The Lucas and Fibonacci numbers solve the Pell equation,
$$L_n^2-5F_n^2=4(-1)^n\tag1$$
The tribonacci numbers $z = T_n$ are positive integer solutions to the cubic Pell-type equation,
$$27 x^3 - 36 x y^2 + 38 y^3 - 342 x y z + 96 y^2 z - 144 x z^2 + 456 y z^2 + 1316 z^3 = \color{brown}{3^6}\tag2$$
where $x,y$ are associated sequences to the tribonacci. Or more simply,
$$a^3 - 2 a^2 b + 2 b^3 - a^2 c - 2 a b c + 2 b^2 c + a c^2 + 2 b c^2 + c^3=1\tag3$$
where $a,\;b,\;c = T_{n-1},\;T_{n-2},\;T_{n-3}$. See this post.

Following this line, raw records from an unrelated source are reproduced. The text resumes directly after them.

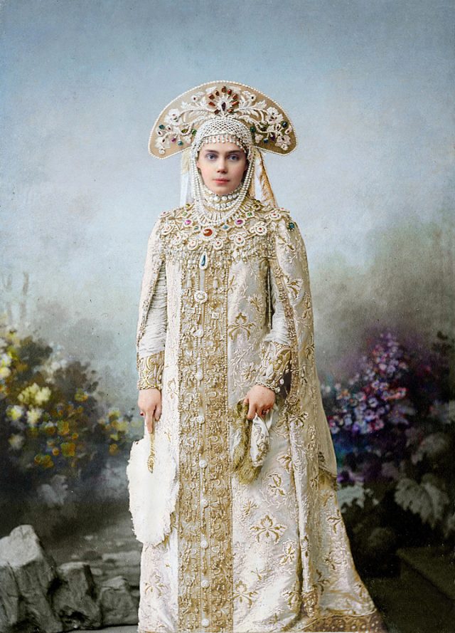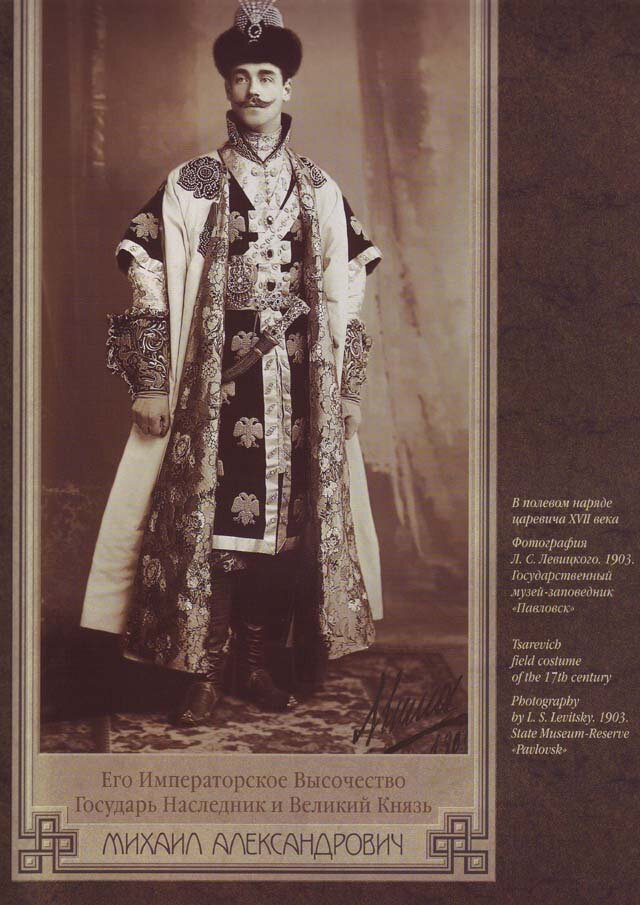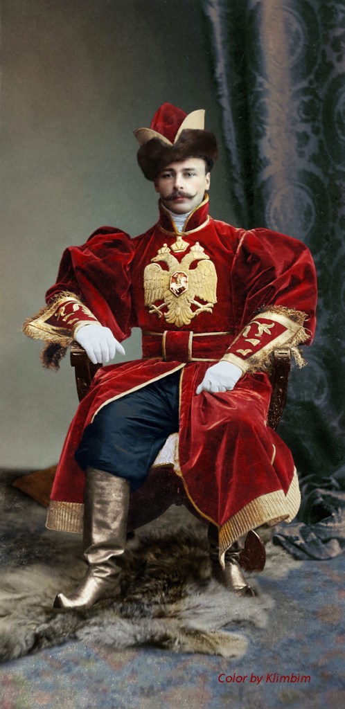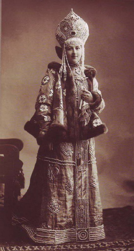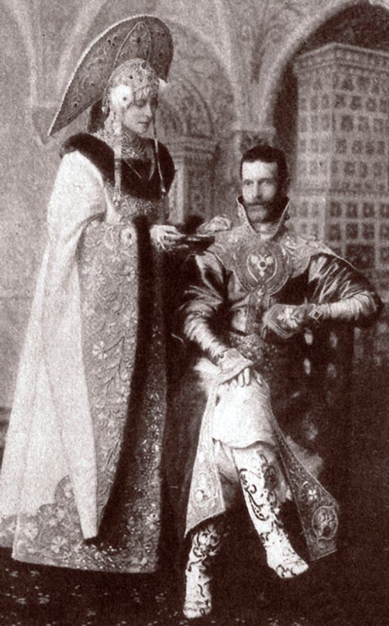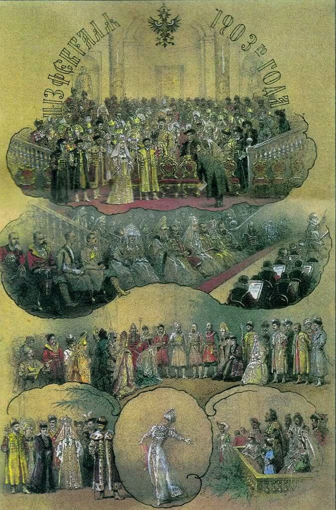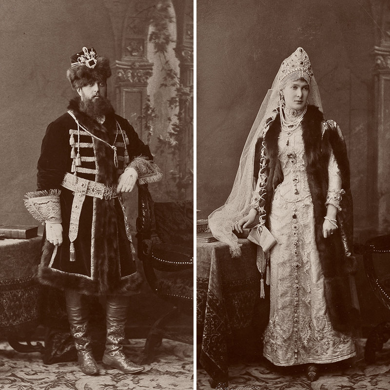 All 390 guests were requested to come in traditional Russian 17th-century dress. This grand event was remarkable for its luxurious Russian-style costumes. Court ladies were attired in sundresses embroidered with precious stones and kokoshniks (head-dresses) adorned with the finest family jewels, while gentlemen boasted richly decorated caftans and boyar-style fur hats. / Grand Duke Andrey Vladimirovich. ~ Michael Walsh. Source 1, Source 2, Source 3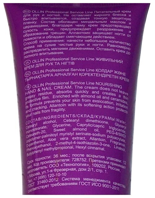 Питательный крем для рук и ногтей OLLIN SERVICE LINE подходит для всех типов кожи, включая чувствительную, жирную, сухую и комбинированную. Он не содержит парабенов и подходит для женщин.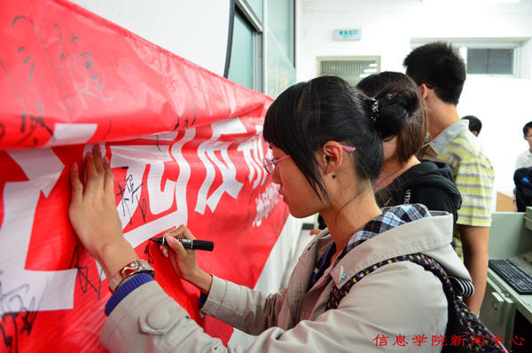 活动组织观看了《毒瘤——邪教透视》电视专题片,学习了《识别和防范用宗教名义邪教宣传提纲》,进一步加强反邪教教育引导。通过学习,在场同学深刻认识到了邪教活动的隐蔽性、反复性及严重的危害性,提高了同学们对邪教的警惕意识。最后,同学们纷纷在反邪教宣传条幅上签上了自己的姓名。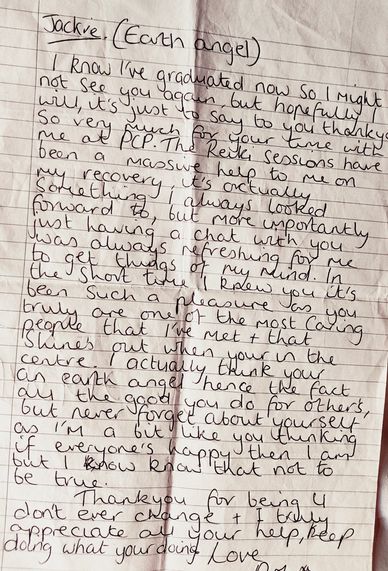 "I feel magical with thanks to Jackie. I went in feeling low in mood but left feeling so held and like a weight has been lifted. Alive, content and relaxed. I cannot wait for my next session!"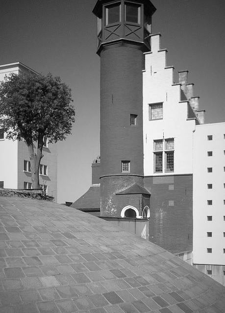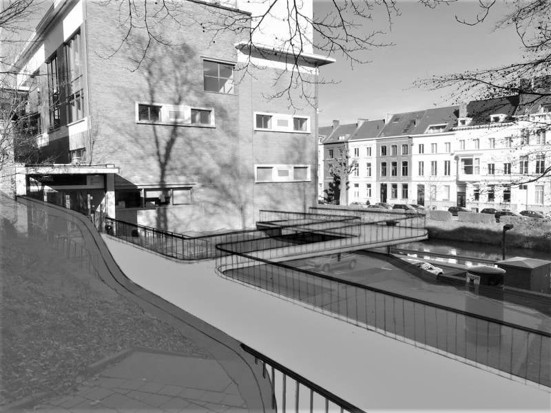Het Emmaüskasteeltje, temidden van groenbeplanting omvat rechts het zogeheten lusthofje, daterend uit de eerste helft van de 16de eeuw met, naar het water toe, een hard gerestaureerde zandstenen trapgevel, aan de westzijde een manke bakstenen trapgevel en ronde aanleunende traptoren.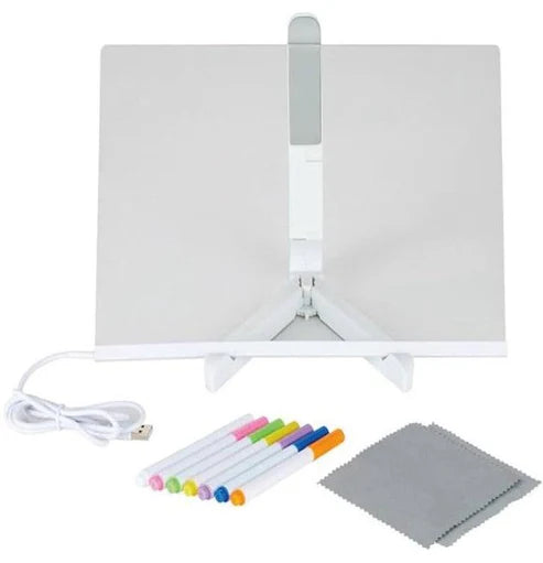 TABLERO DE MENSAJES ACRÍLICO LUMINOSO BORRABLE CON SOPORTE Y 7 BOLÍGRAFOS COLORIDOS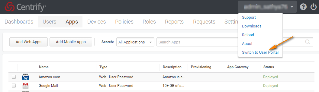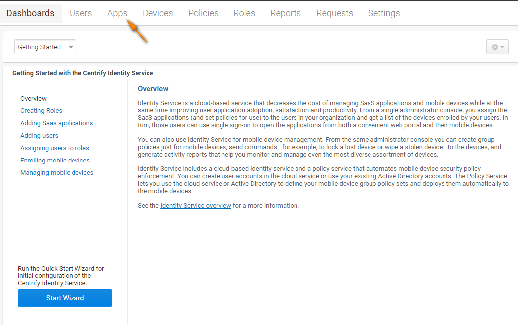- After successful login to Centrify, go to the admin section and to the dashboard.
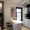 在书房的墙面上安装了一个超大的博古架,在上面摆放满了各种书籍和摆件,明亮的灯带环绕在博古架的背景墙上,营造出温馨典雅的氛围,同时取用书籍和观赏摆件与收藏品也更加的方便。在书房的顶面上是一些明亮的射灯,地面上的深色的瓷砖和深色的桌椅以及博古架形成了很好的呼应的关系。
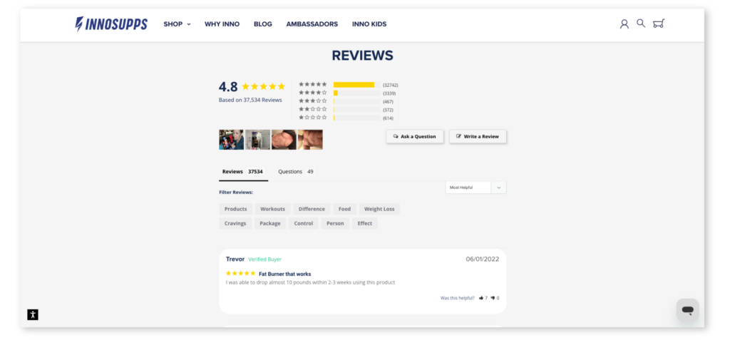 Since partnering with Stamped, Inno Supps has collected over 5,000 photo reviews and driven the following outcomes: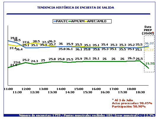La cerrada votación tuvo como consecuencia que a las 20:00 horas los datos de la encuesta de salida no permitieran determinar con precisión estadística las tendencias de primer y segundo lugar. Únicamente estaba clara la estimación del tercer lugar para el Partido Revolucionario Institucional, con 26.5 de los sufragios.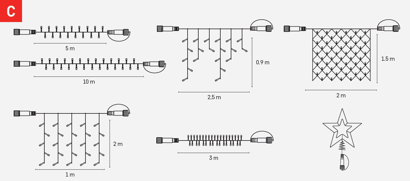 - розгалужувач* (B) – це додатковий аксесуар, який розділяє освітлення на два кінці з можливістю підключення. Завдяки цьому освітлення можна розподілити в кількох напрямках, створюючи справді тривимірну новорічну прикрасу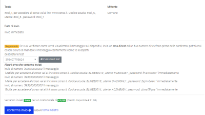 - Nella schermata riassuntiva ci sono degli esempi di SMS che verranno inviati. Come vedi nello screenshot qui sotto, i “segnaposti” nell’SMS verranno automaticamente sostituiti con il dato corretto di ogni singolo docente presente nel file excel.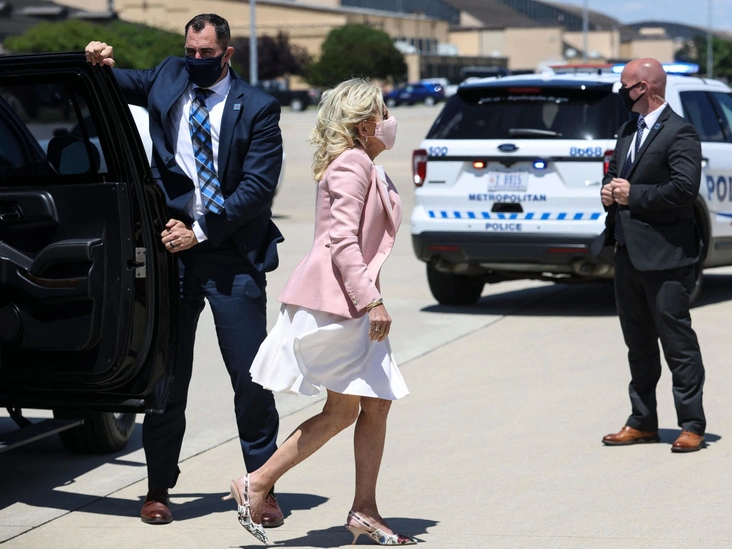 Выбор туфель французского модного дома Dior с говорящей надписью «J’ADIOR» и стоимостью 950 долларов стал источником споров в Сети. 13 мая Доктор Байден была запечатлена во время вылета с базы ВВС Эндрюс в Мэриленде по дороге в центр вакцинации в городе Чарльстон в другой паре туфель культового французского модного дома. У этой модели чуть более низкий каблук и цветочный принт, но те же острые носы и фирменные ленты-ремешки «J’ADIOR». Кокетливой обувью Джилл дополнила легкое белое платье и розовый жакет.
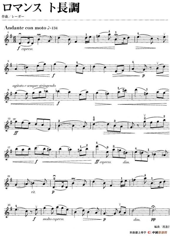 ロマンス ト長調提琴谱(D大调浪漫曲),ロマンス ト長調简谱"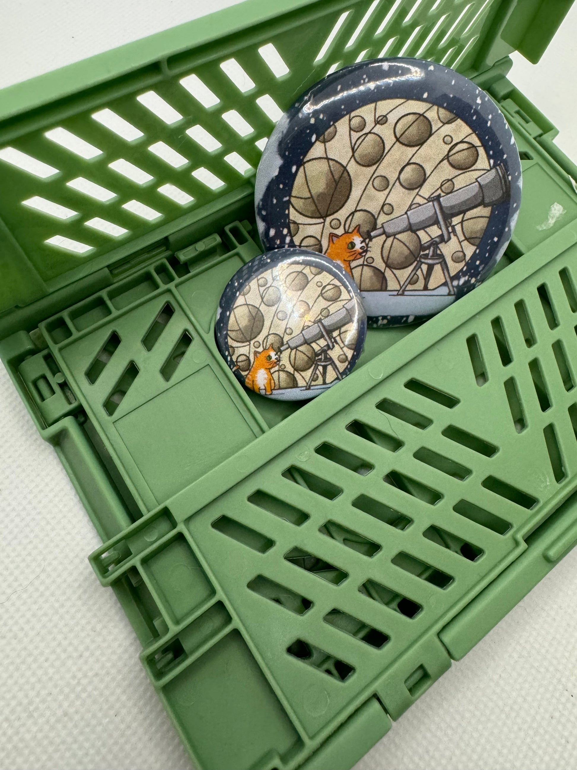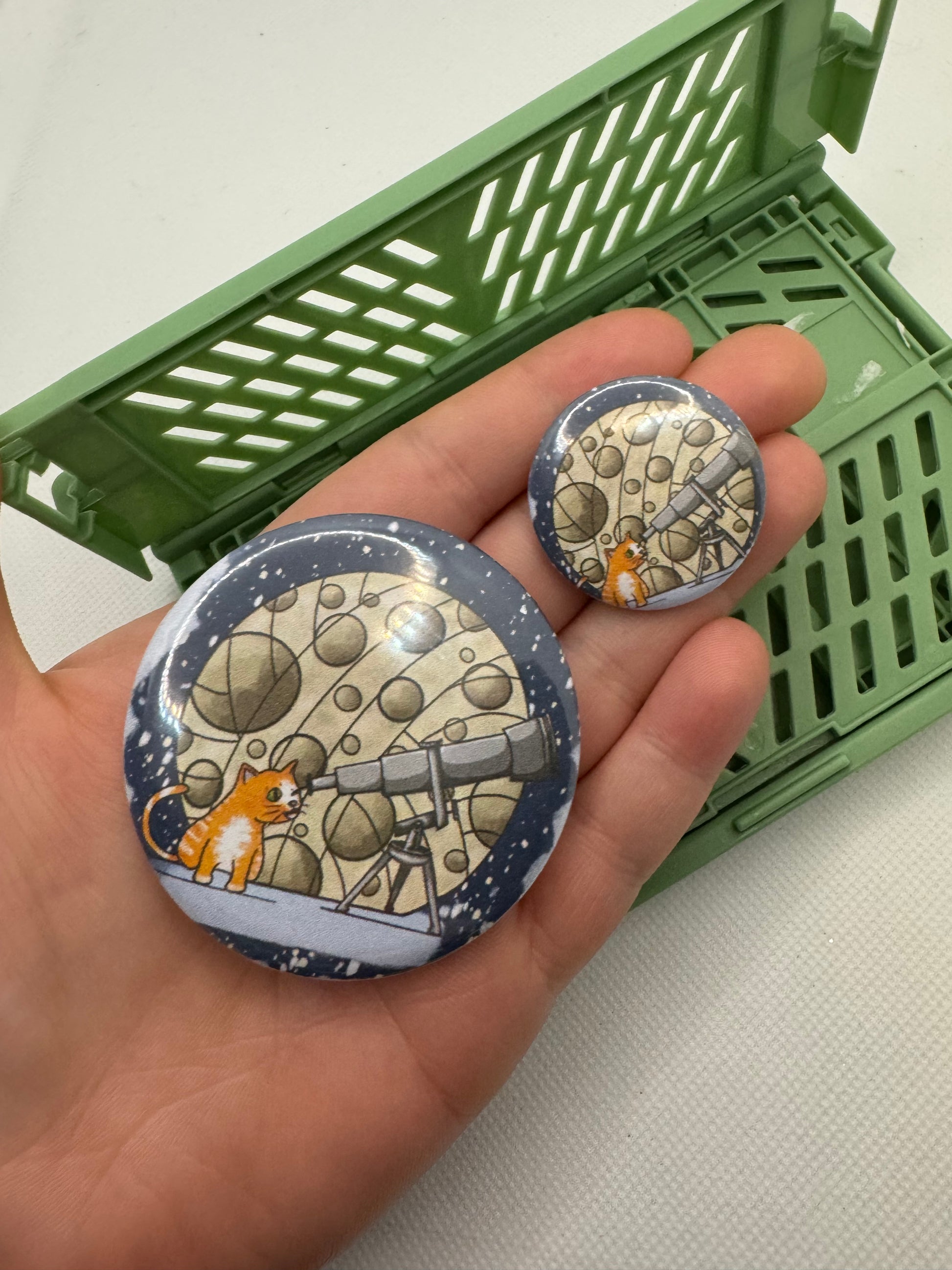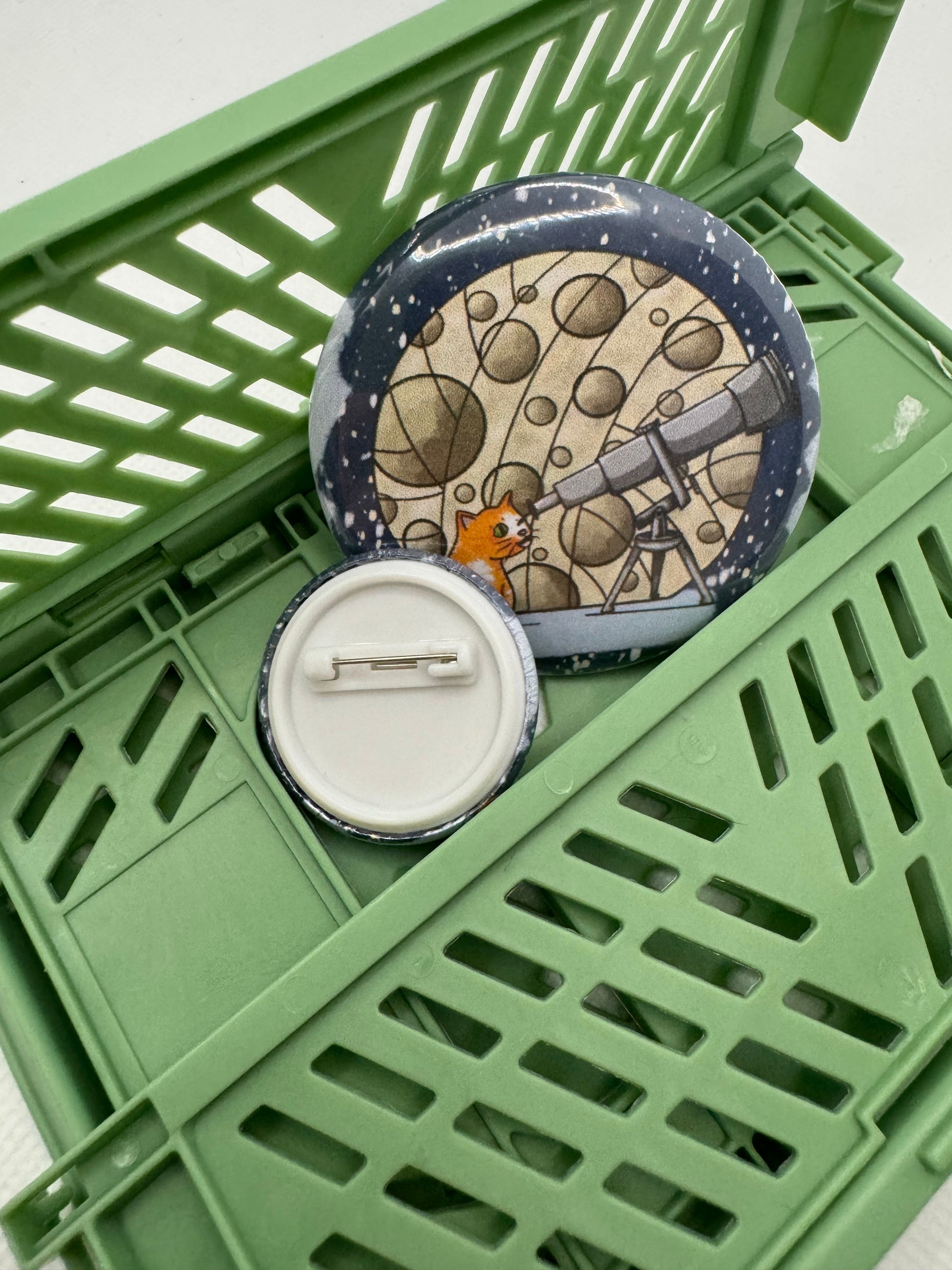 Button badge featuring my ginger cat star-gazing with a telescope, with a huge moon of yarn in the background of the sky on a blue background.

Question: For aesthetics, I wish to simplify. Is it possible to reduce $3$rd deg eqns $F(x,y,z)=0$ like $(2)$ and $(3)$ to the simpler form without cross-terms,
$$a_1p^3+a_2q^3+a_3r^3+a_4pqr+a_5 = 0\tag4$$
for integer $a_i$ using a transformation with rational coefficients?
Note: For example, I tried,
$$x = c_1p+c_1q+c_3r$$
$$y = c_4p+c_5q+c_6r$$
$$z = c_7p+c_8q+c_9r$$
Substituting it into $(2)$ and getting rid of the cross-terms entailed a system of six equations. For simplicity, I assumed three of the $c_i = 1$. It was solvable, but my final equation was a quadratic, hence not all the $c_i$ were rational. However, perhaps I was not using the right assumptions.
So is there a general transformation with rational coefficients to get the form of $(4)$, or does it happen only for particular cubics $F(x,y,z)=0$?